## Problem
Each line in the records below, from the one that contains "Вариант А работает, но" to the one that contains "Dự báo, trong", should be reproduced exactly, the first and last included.

## Data section
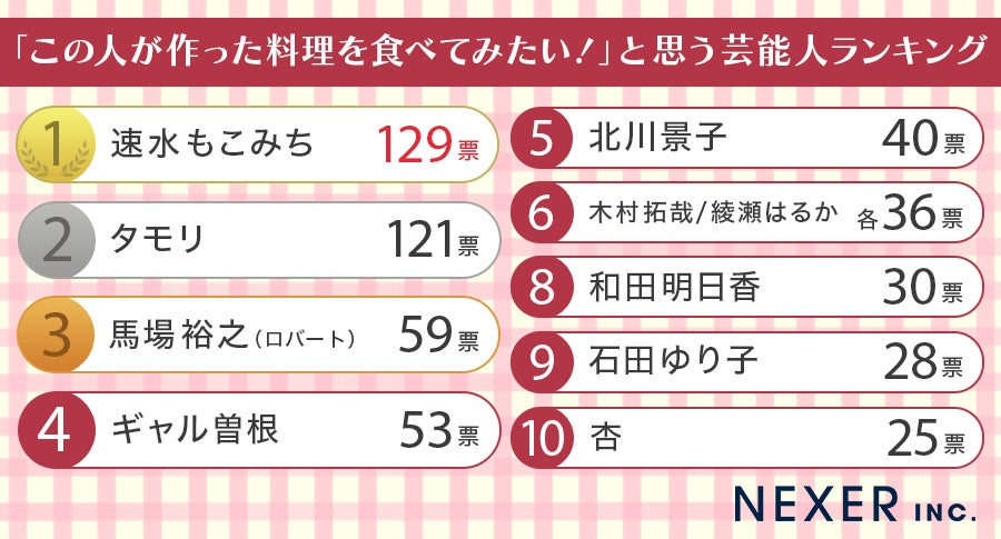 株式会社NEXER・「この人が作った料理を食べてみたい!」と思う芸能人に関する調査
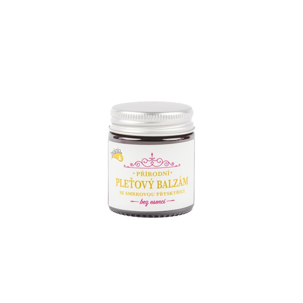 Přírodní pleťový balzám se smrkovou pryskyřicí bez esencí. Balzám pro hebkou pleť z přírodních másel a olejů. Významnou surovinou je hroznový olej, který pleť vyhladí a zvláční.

* * *

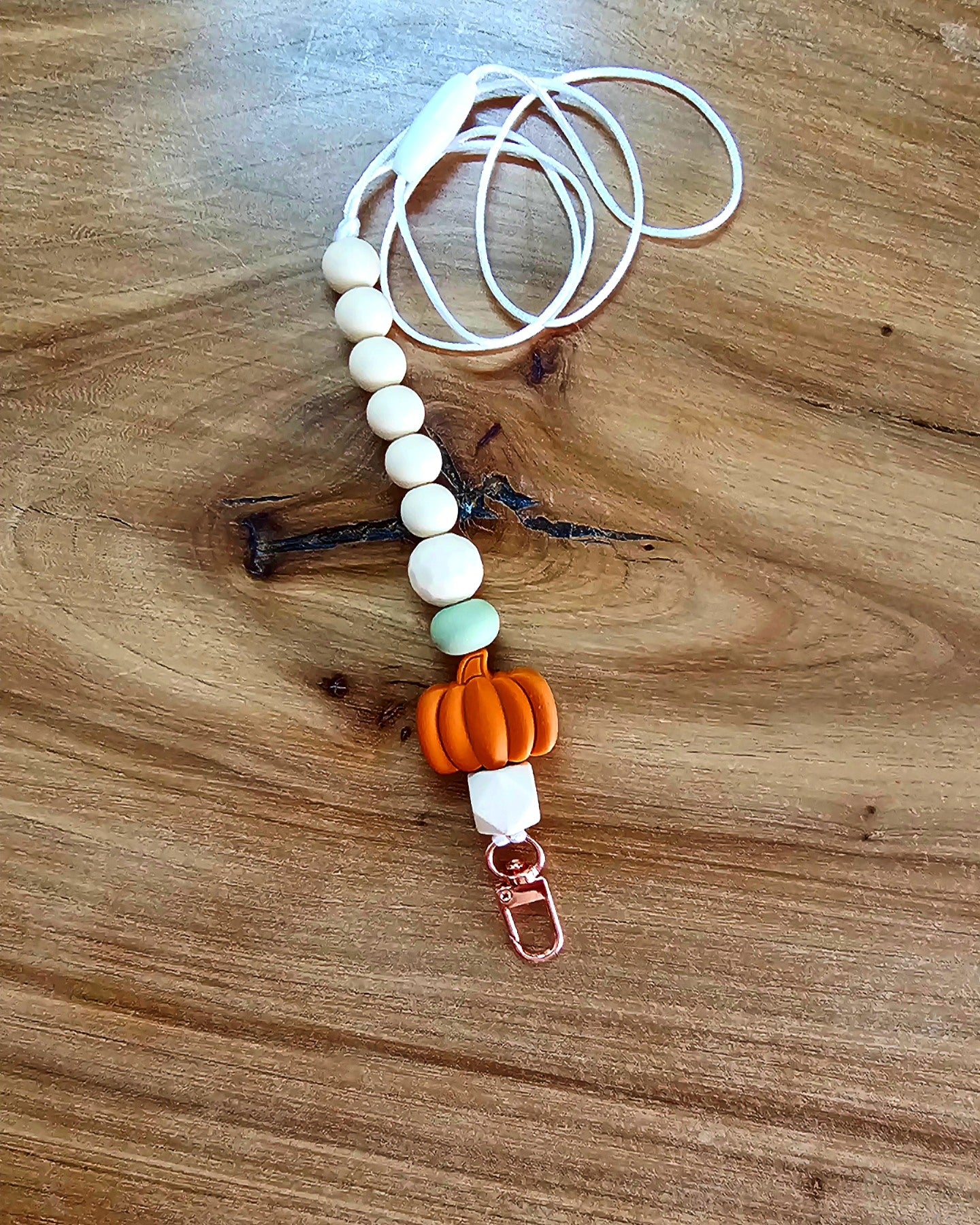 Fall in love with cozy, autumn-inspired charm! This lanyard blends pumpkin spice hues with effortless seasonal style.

* * *

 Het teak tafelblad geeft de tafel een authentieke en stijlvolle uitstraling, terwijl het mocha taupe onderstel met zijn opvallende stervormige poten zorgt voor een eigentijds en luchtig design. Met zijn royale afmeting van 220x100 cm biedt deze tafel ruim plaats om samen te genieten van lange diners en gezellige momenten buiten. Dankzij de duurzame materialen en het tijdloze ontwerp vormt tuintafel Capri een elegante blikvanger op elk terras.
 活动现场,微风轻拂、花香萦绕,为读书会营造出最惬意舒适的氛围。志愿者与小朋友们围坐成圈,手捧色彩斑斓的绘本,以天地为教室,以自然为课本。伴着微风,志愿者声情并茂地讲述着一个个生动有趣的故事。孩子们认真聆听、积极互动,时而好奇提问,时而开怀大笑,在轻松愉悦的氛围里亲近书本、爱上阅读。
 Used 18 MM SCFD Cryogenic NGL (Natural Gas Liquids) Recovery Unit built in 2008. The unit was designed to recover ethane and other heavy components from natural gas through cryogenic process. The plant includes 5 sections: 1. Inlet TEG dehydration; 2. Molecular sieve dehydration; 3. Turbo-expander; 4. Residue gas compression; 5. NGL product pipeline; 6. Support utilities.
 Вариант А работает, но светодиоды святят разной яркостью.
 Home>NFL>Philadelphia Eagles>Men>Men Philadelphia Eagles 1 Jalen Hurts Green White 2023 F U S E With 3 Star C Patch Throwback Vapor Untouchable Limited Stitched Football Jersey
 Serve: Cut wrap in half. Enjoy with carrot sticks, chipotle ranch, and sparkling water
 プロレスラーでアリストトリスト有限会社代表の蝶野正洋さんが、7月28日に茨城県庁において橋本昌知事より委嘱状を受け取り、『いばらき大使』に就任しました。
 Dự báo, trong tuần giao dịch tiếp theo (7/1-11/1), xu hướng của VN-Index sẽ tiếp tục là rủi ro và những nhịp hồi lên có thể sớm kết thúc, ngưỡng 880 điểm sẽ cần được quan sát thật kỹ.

## Answer to the problem
 Вариант А работает, но светодиоды святят разной яркостью.
 Home>NFL>Philadelphia Eagles>Men>Men Philadelphia Eagles 1 Jalen Hurts Green White 2023 F U S E With 3 Star C Patch Throwback Vapor Untouchable Limited Stitched Football Jersey
 Serve: Cut wrap in half. Enjoy with carrot sticks, chipotle ranch, and sparkling water
 プロレスラーでアリストトリスト有限会社代表の蝶野正洋さんが、7月28日に茨城県庁において橋本昌知事より委嘱状を受け取り、『いばらき大使』に就任しました。
 Dự báo, trong tuần giao dịch tiếp theo (7/1-11/1), xu hướng của VN-Index sẽ tiếp tục là rủi ro và những nhịp hồi lên có thể sớm kết thúc, ngưỡng 880 điểm sẽ cần được quan sát thật kỹ.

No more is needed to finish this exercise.